Mirroring the redevelopment in downtown West Palm Beach, the county's largest city, Boynton Beach's significantly smaller community redevelopment area (CRA) has captured developers' fancy for transformation.

Its $800 million in new projects, which have been approved or will seek approval in the next nine months, include 3,000 residential units; 200,000 to 300,000 square feet of commercial space; 150,000 square feet of office space and several hotels, CRA Director Douglas Hutchinson said.

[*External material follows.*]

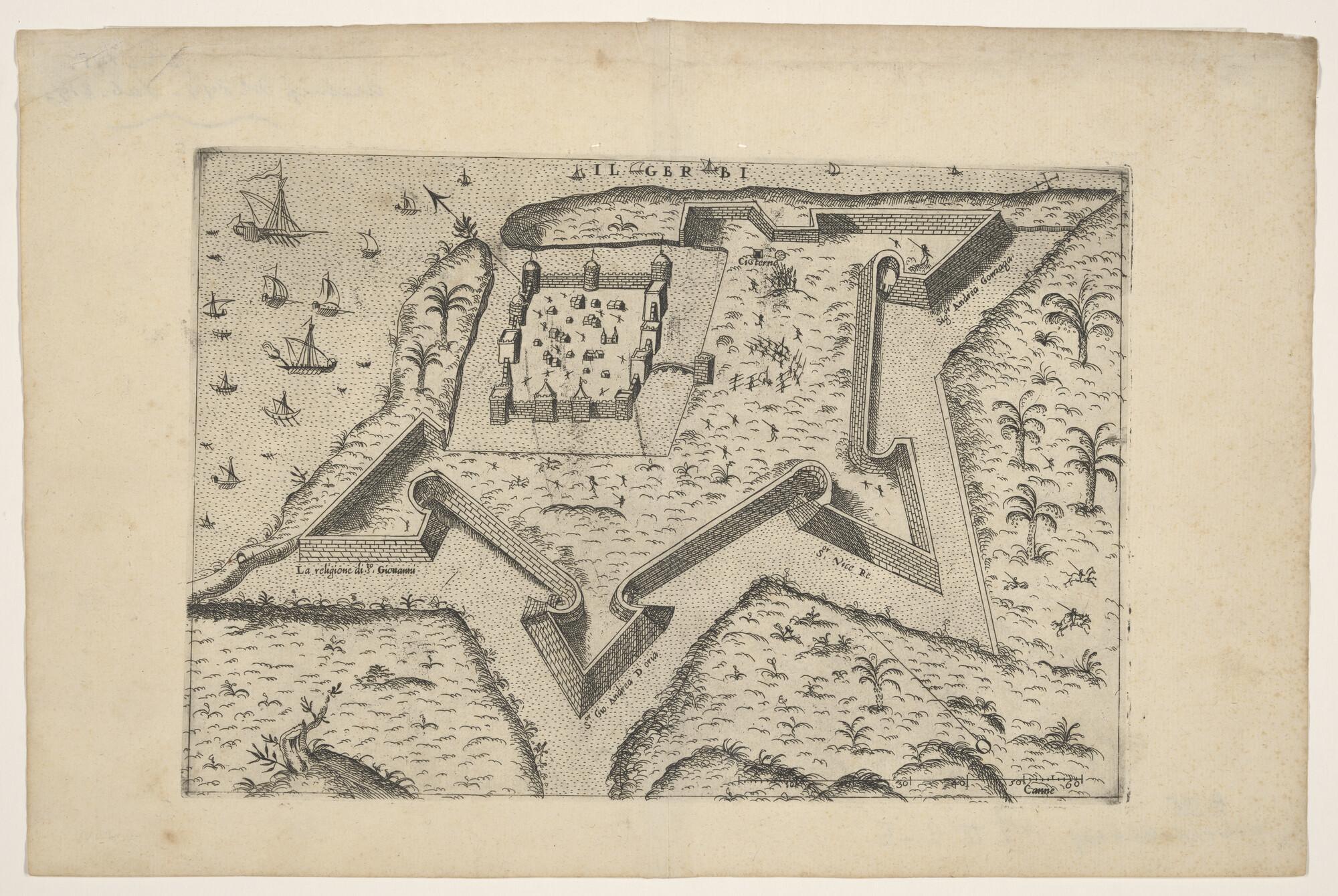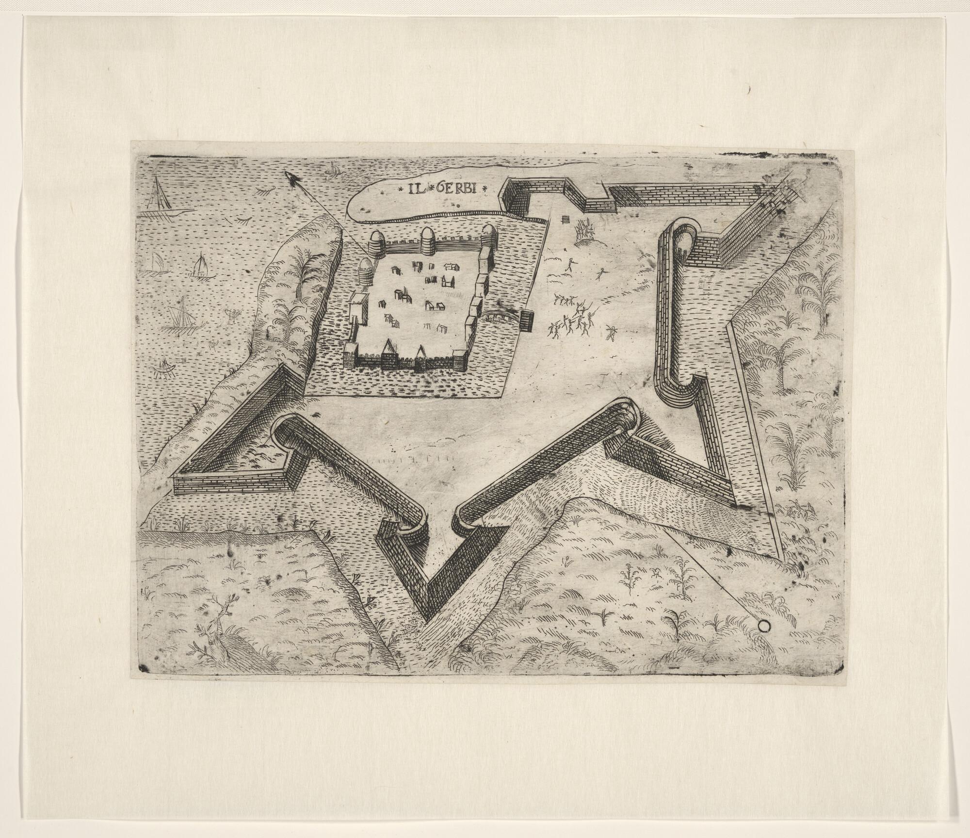 Anonieme kaart van het fort op het schiereiland Gerbi

All of these projects are in just 30 acres of Boynton Beach's 1,650-acre CRA. The city of about 60,000 residents is investing $40 million in its CRA over five years. Hutchinson calls it the most public/private investment in a CRA per capita in Florida.

While redevelopment is well under way in the trendy downtowns of Boca Raton and Delray Beach to its south, Boynton Beach had remained a working-class city with no central hub or standout attractions. Now the city - most famous for its national champion Little League Baseball team - is swinging for the fences.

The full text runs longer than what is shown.